Exercise material: Begin

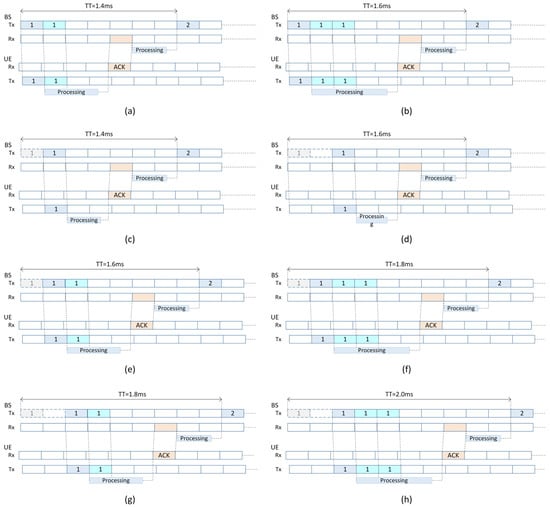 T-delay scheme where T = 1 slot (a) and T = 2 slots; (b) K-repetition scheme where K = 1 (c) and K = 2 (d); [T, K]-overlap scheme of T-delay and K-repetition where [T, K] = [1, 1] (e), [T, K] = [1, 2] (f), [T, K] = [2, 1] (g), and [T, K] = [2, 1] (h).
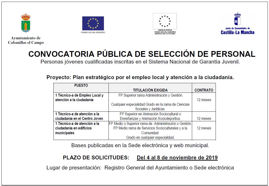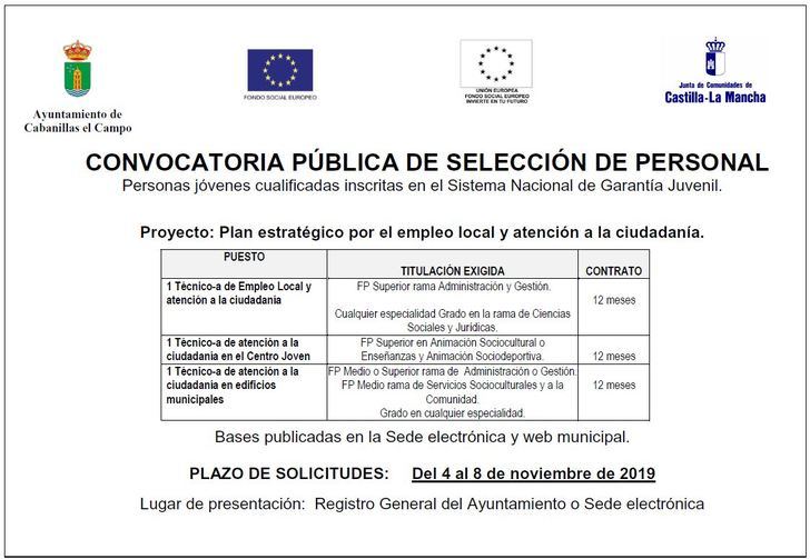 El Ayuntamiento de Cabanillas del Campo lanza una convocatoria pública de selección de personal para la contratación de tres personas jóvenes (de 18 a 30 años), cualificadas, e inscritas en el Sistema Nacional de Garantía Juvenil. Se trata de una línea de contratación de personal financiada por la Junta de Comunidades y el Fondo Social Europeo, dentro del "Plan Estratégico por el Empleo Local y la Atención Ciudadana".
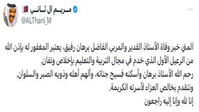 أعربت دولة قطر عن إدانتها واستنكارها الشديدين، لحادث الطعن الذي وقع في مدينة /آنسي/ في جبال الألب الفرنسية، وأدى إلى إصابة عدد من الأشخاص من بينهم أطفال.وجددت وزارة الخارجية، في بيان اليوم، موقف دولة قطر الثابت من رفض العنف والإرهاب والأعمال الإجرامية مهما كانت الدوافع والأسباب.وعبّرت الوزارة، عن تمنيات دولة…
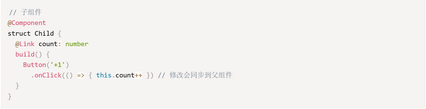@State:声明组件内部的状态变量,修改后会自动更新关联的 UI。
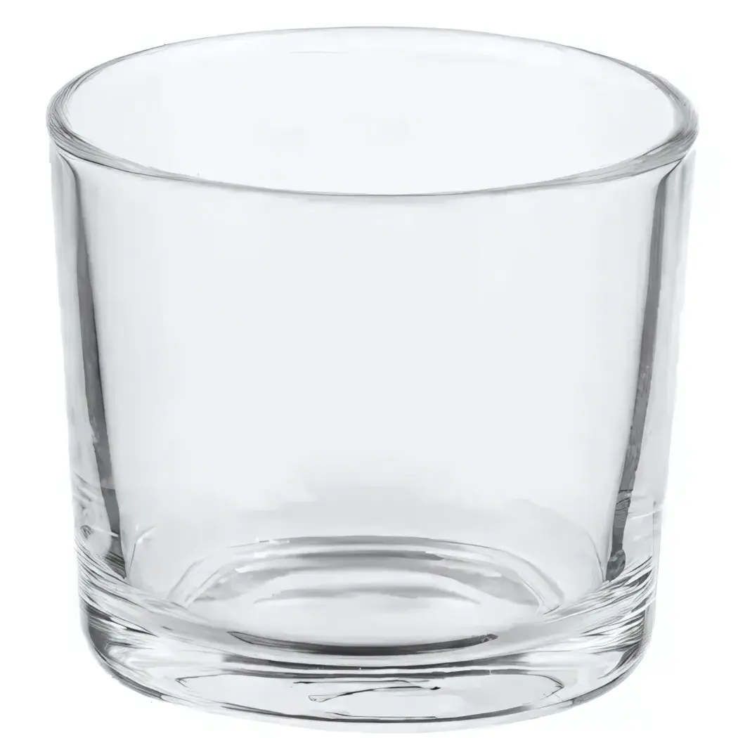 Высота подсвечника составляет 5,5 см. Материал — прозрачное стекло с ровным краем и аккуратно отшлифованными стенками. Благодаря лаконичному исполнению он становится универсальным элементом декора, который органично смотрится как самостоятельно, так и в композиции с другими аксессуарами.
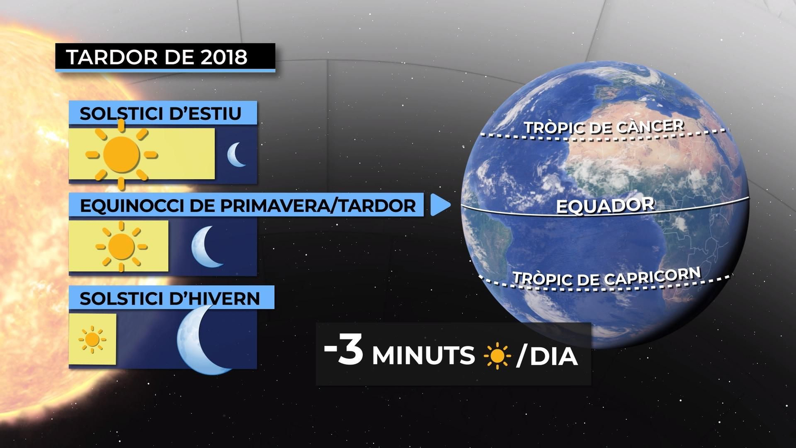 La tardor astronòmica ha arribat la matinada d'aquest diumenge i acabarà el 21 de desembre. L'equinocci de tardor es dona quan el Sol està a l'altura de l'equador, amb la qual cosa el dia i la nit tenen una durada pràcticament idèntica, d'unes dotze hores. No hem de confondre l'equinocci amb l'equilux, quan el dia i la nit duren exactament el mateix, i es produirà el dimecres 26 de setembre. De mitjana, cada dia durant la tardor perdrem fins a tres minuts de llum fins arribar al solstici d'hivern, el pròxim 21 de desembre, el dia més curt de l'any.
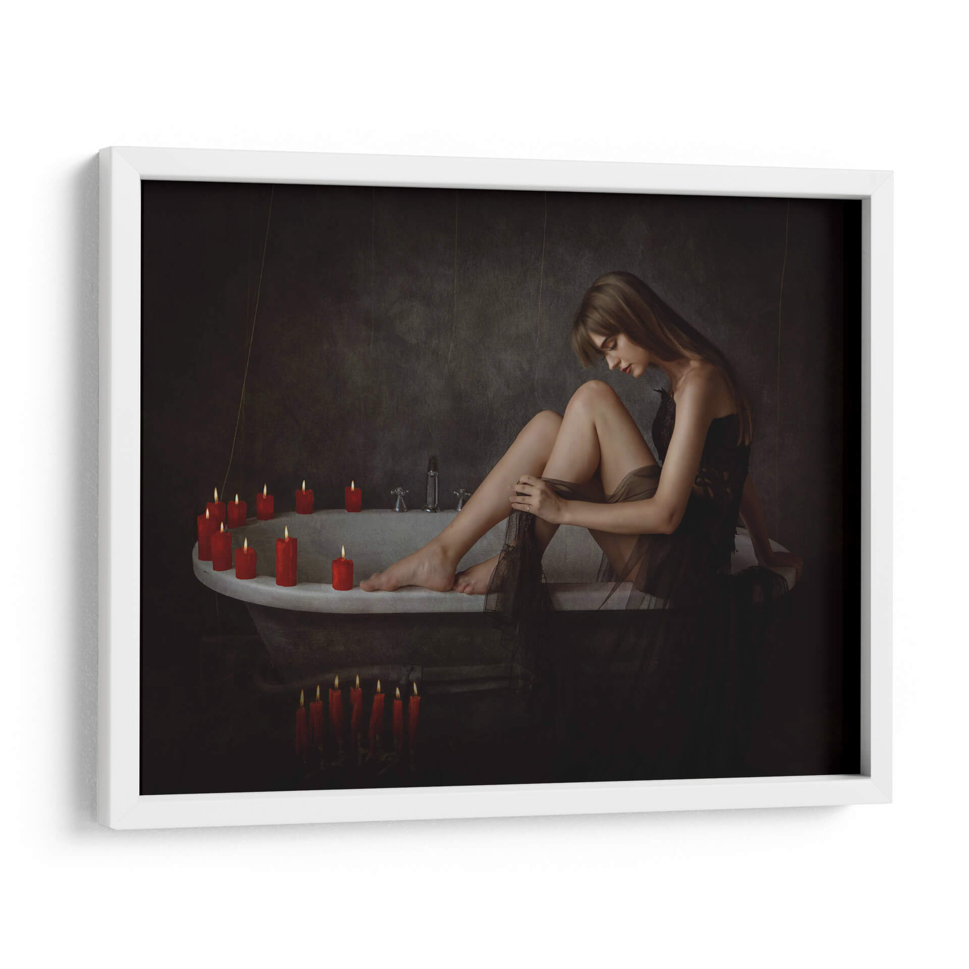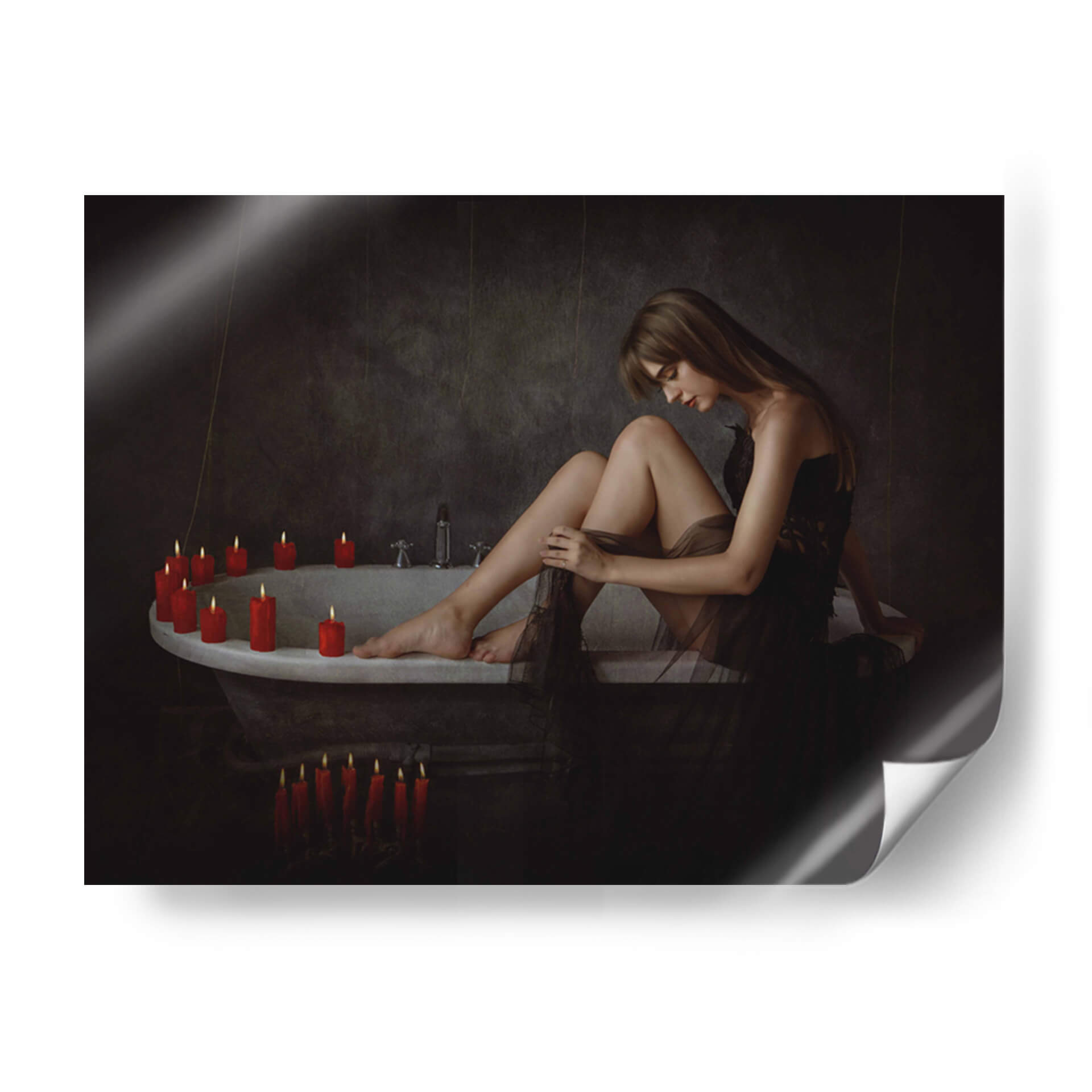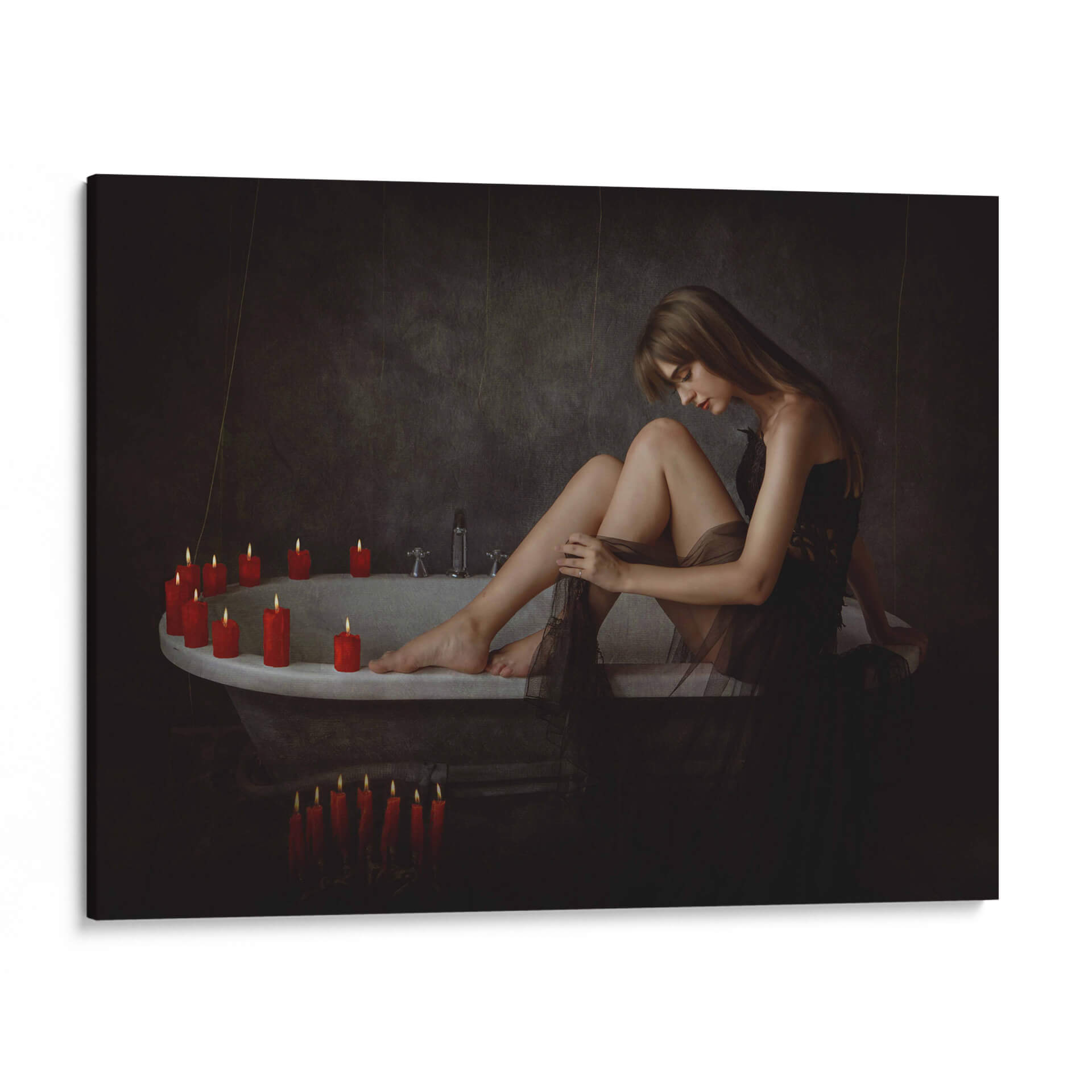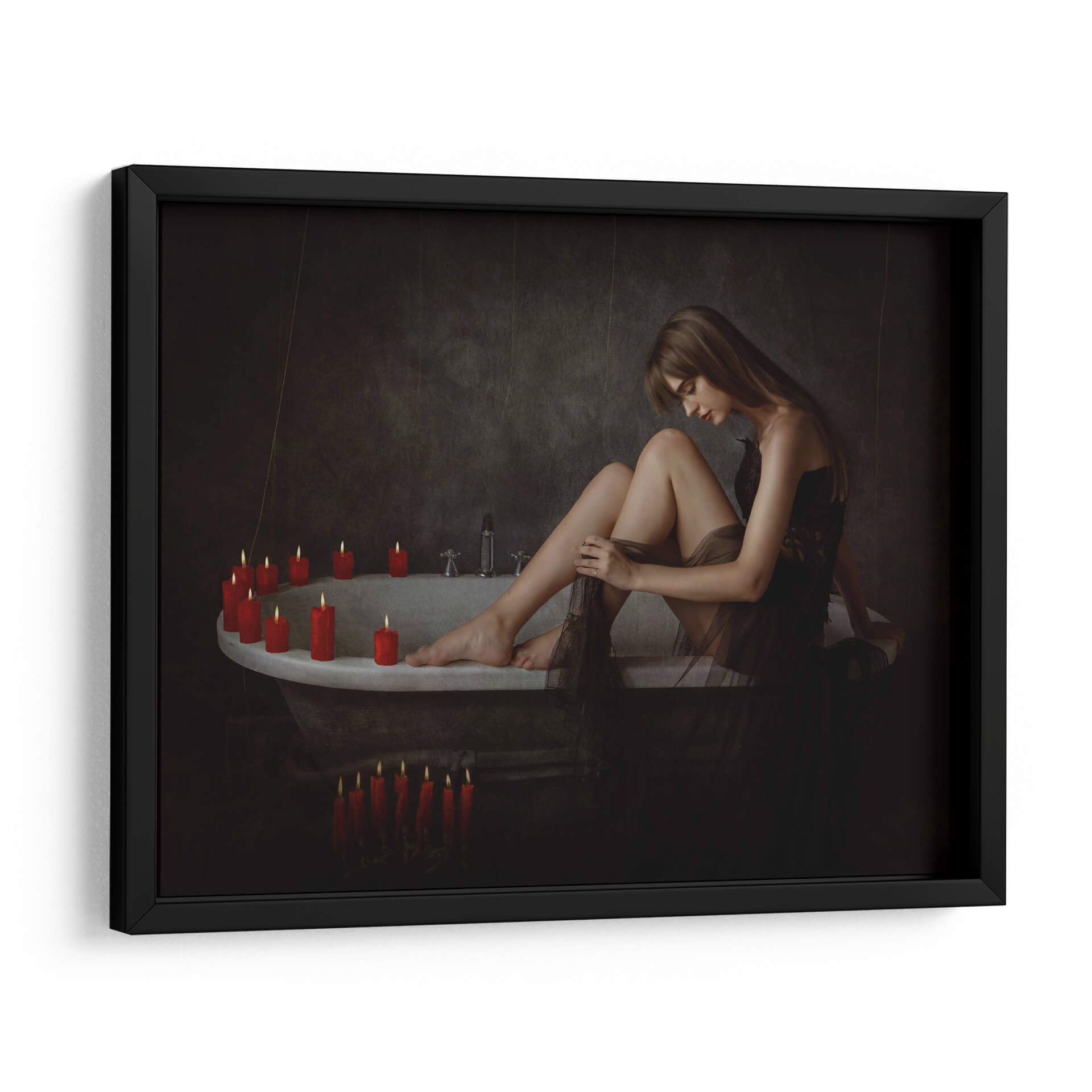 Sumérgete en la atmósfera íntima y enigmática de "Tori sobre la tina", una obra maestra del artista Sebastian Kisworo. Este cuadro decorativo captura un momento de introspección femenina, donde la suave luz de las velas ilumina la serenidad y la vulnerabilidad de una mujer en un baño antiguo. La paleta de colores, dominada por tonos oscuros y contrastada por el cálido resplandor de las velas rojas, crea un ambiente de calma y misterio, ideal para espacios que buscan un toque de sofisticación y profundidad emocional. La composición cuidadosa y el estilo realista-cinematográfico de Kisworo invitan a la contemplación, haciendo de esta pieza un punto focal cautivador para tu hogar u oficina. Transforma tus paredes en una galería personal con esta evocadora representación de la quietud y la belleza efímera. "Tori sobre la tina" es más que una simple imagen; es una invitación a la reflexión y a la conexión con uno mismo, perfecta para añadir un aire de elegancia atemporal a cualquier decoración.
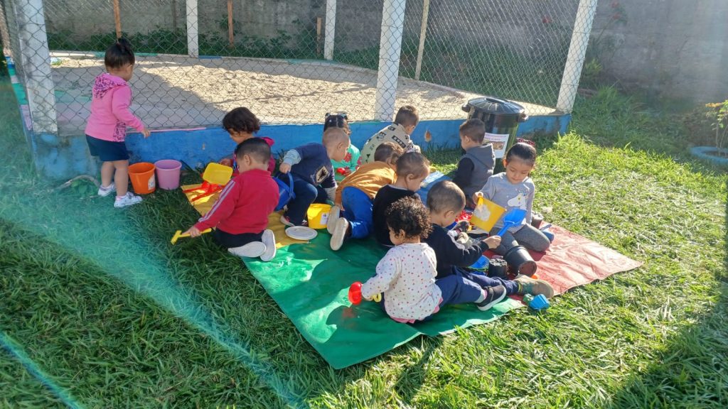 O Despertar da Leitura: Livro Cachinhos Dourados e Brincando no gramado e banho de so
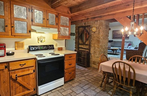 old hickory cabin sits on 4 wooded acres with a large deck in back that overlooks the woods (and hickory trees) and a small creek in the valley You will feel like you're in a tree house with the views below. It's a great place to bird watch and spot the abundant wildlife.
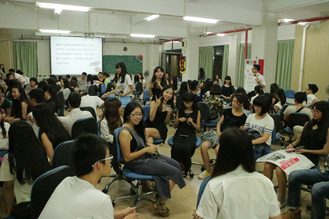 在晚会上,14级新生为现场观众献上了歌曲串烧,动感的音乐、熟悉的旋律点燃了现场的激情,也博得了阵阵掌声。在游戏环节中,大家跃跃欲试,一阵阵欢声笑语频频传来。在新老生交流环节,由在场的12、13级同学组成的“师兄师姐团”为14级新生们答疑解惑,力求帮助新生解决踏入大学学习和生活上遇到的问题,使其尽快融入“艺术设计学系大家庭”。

Exercise material: End

__Exercise brief__. Repeat the data word for word. Images are not part of the copy.

__Answer for this exercise__.
 T-delay scheme where T = 1 slot (a) and T = 2 slots; (b) K-repetition scheme where K = 1 (c) and K = 2 (d); [T, K]-overlap scheme of T-delay and K-repetition where [T, K] = [1, 1] (e), [T, K] = [1, 2] (f), [T, K] = [2, 1] (g), and [T, K] = [2, 1] (h).
 El Ayuntamiento de Cabanillas del Campo lanza una convocatoria pública de selección de personal para la contratación de tres personas jóvenes (de 18 a 30 años), cualificadas, e inscritas en el Sistema Nacional de Garantía Juvenil. Se trata de una línea de contratación de personal financiada por la Junta de Comunidades y el Fondo Social Europeo, dentro del "Plan Estratégico por el Empleo Local y la Atención Ciudadana".
 أعربت دولة قطر عن إدانتها واستنكارها الشديدين، لحادث الطعن الذي وقع في مدينة /آنسي/ في جبال الألب الفرنسية، وأدى إلى إصابة عدد من الأشخاص من بينهم أطفال.وجددت وزارة الخارجية، في بيان اليوم، موقف دولة قطر الثابت من رفض العنف والإرهاب والأعمال الإجرامية مهما كانت الدوافع والأسباب.وعبّرت الوزارة، عن تمنيات دولة…
@State:声明组件内部的状态变量,修改后会自动更新关联的 UI。
 Высота подсвечника составляет 5,5 см. Материал — прозрачное стекло с ровным краем и аккуратно отшлифованными стенками. Благодаря лаконичному исполнению он становится универсальным элементом декора, который органично смотрится как самостоятельно, так и в композиции с другими аксессуарами.
 La tardor astronòmica ha arribat la matinada d'aquest diumenge i acabarà el 21 de desembre. L'equinocci de tardor es dona quan el Sol està a l'altura de l'equador, amb la qual cosa el dia i la nit tenen una durada pràcticament idèntica, d'unes dotze hores. No hem de confondre l'equinocci amb l'equilux, quan el dia i la nit duren exactament el mateix, i es produirà el dimecres 26 de setembre. De mitjana, cada dia durant la tardor perdrem fins a tres minuts de llum fins arribar al solstici d'hivern, el pròxim 21 de desembre, el dia més curt de l'any.
 Sumérgete en la atmósfera íntima y enigmática de "Tori sobre la tina", una obra maestra del artista Sebastian Kisworo. Este cuadro decorativo captura un momento de introspección femenina, donde la suave luz de las velas ilumina la serenidad y la vulnerabilidad de una mujer en un baño antiguo. La paleta de colores, dominada por tonos oscuros y contrastada por el cálido resplandor de las velas rojas, crea un ambiente de calma y misterio, ideal para espacios que buscan un toque de sofisticación y profundidad emocional. La composición cuidadosa y el estilo realista-cinematográfico de Kisworo invitan a la contemplación, haciendo de esta pieza un punto focal cautivador para tu hogar u oficina. Transforma tus paredes en una galería personal con esta evocadora representación de la quietud y la belleza efímera. "Tori sobre la tina" es más que una simple imagen; es una invitación a la reflexión y a la conexión con uno mismo, perfecta para añadir un aire de elegancia atemporal a cualquier decoración.
 O Despertar da Leitura: Livro Cachinhos Dourados e Brincando no gramado e banho de so
 old hickory cabin sits on 4 wooded acres with a large deck in back that overlooks the woods (and hickory trees) and a small creek in the valley You will feel like you're in a tree house with the views below. It's a great place to bird watch and spot the abundant wildlife.
 在晚会上,14级新生为现场观众献上了歌曲串烧,动感的音乐、熟悉的旋律点燃了现场的激情,也博得了阵阵掌声。在游戏环节中,大家跃跃欲试,一阵阵欢声笑语频频传来。在新老生交流环节,由在场的12、13级同学组成的“师兄师姐团”为14级新生们答疑解惑,力求帮助新生解决踏入大学学习和生活上遇到的问题,使其尽快融入“艺术设计学系大家庭”。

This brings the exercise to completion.